Les hémophiles, les transfuséEs et leurs soutiens voulaient, en insistant sur la responsabilité de Laurent Fabius, de Georgina Dufoix, d’Edmond Hervé, que soient mises en avant les responsabilités politiques, et pas celles simplement celle des médecins et des responsables administratif-ves.

Leur cœur a-t-il assez d’espace ?

Au début de son livre, Bernard-Henri Lévy pose la compétition des victimes comme un des trois éléments fondamentaux de l’antisémitisme. Et il raille l’idéologie qui consisterait à dire que nous n’aurions pas assez d’espace dans nos cœurs pour « deux chagrins, deux deuils, deux révoltes », idéologie qui serait le propre des antisémites (des pro-palestinien-nes, des militant-es des droits des noirEs américainEs).

Mais à la question « quelle place accorde-t-il en son cœur aux victimes du sang contaminé ? », force est de reconnaître que la réponse est « aucune ». Parler d’une « obscure » affaire du sang contaminé quand il est question de centaines de morts, de milliers de personnes contaminées, ce n’est ni plus ni moins que du négationnisme.

Ce négationnisme, le président de la Licra l’a cautionné par son post sur les réseaux sociaux. Après le passage télé de Bernard-Henri Lévy et la polémique suscitée par les questions des chroniqueur-ses de Ruquier, voici ce que la Licra a relayé :

licra

Pour la Licra, il est essentiel de ménager Bernard-Henri Lévy et ses interlocuteur-rices télévisé-es : donc, tout le monde, tant qu’il est sur un plateau télé, tant qu’il est séronégatif et pas directement concerné par les question de santé, tout le monde a raison ! Mais les victimes du sang contaminé ? Non ! On n’en parle pas et on dit que Fabius a été « injustement accusé ». Et on rajoute à propos de Dominique Strauss-Kahn qu’il a été humilié (et bien évidemment pas Nafissatou Diallo ou les prostituées témoignant au procès de leur viol).

Ces propos rendent indispensables une mise au point.

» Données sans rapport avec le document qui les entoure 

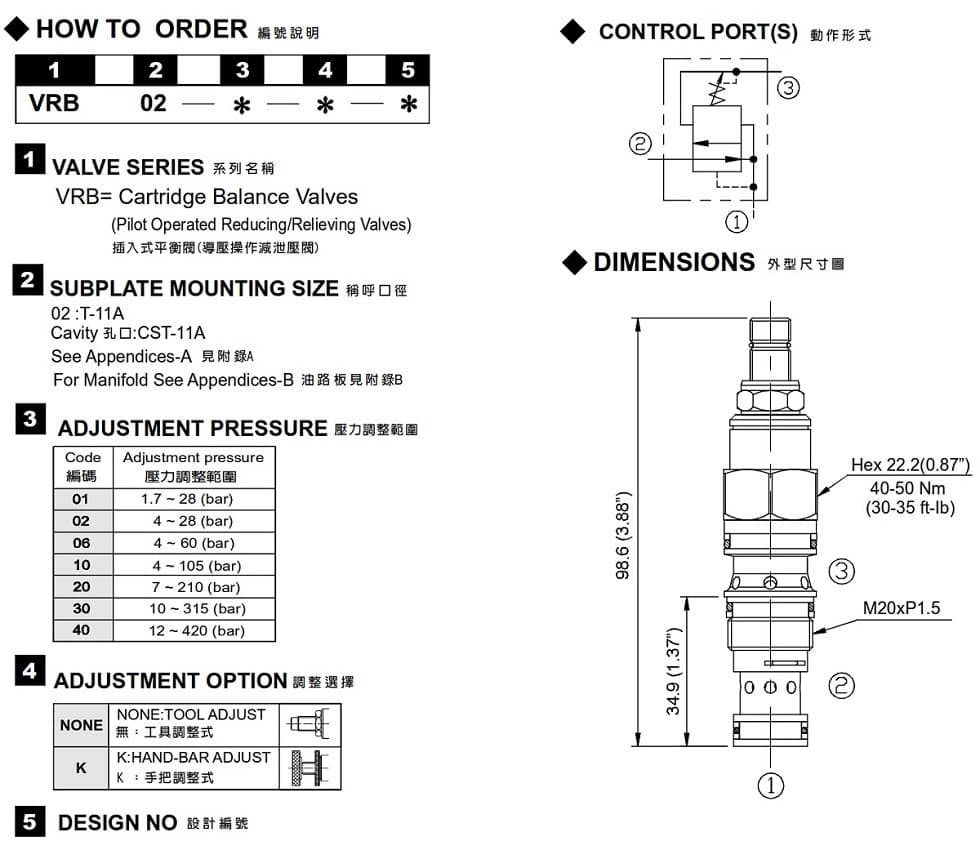 | VRB-02 | 350 (5076 psi) | 40 (10,57 gpm) | 0,18 (0,4 Pfund) |

Voici le plan que je suivrai :

– Première partie : une « obscure affaire » (voir l’article à ce lien)

– Deuxième partie : un « imbroglio politique » (voir l’article à ce lien)

– Troisième partie : la réalité d’un combat citoyen (voir l’article à ce lien)

– Quatrième partie : non, Fabius n’a pas été injustement accusé (voir l’article à ce lien)

– Cinquième partie : et la lutte contre l’antisémitisme dans tout ça ? (voir l’article à ce lien)

[Mise à jour le 7 mars 2016. Suite à la réaction de Bernard-Henri Lévy, j’ai modifié l’annonce du développement de ce dossier. La dernière phrase était : « Dans le billet suivant, je confronterai le discours de Bernard-Henri Lévy et de la LICRA à la réalité du dossier du sang contaminé. ». Je l’ai remplacé par l’annonce des 5 parties. J’ai aussi modifié le titre qui était auparavant : « Une obscure affaire de sang contaminé » par Bernard-Henri Lévy (1) pour mettre en cohérence les 5 parties.]